Scylla's metrics are implemented using Seastar's metrics infrastructure.
Scylla's code updates metrics continuously in memory variables, and then
exposes them through an HTTP request, http://scyllanode:9180/metrics.
The response to this request is a text file listing the metrics and their
current values at the time of the query. This protocol, and the format of
the response was defined by the Prometheus metric collection system and
is described in detail here: https://github.com/prometheus/docs/blob/master/content/docs/instrumenting/exposition_formats.md
> Note that the REST API in port 9180 is only devoted to publishing metrics.
> Scylla also has a separate and more powerful REST API on port 10000.

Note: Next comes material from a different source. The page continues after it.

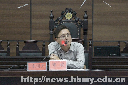 本网讯(见习记者 王小华 通讯员 邹鹏/文 明炜翔/图)10月10日晚,36365官网第三十七期博士论坛“法律人的思维与技艺”在模拟法庭开讲。法学院老师、南京师范大学法学理论专业博士朱政教授担任主讲人,法学院学生科副科长周书刚、团委书记张冰应邀出席讲座。讲座由张冰主持。

This very simple REST API is useful for quick scripting and development work,
but in Scylla production you'd usually want to collect metrics from multiple
Scylla nodes, collect a history of each metric over time, and provide a
graphical UI for viewing graphs of these histories. For this purpose,
we provide the separate scylla-grafana-monitoring project - see
https://github.com/scylladb/scylla-grafana-monitoring on how to install and
use it. The scylla-grafana-monitoring project allows you to continuously
collect metrics from several Scylla nodes into a Prometheus metric-collection
server, and then to visualize these metrics using Grafana and a web browser.
Prometheus and Grafana will be described in separate sections below.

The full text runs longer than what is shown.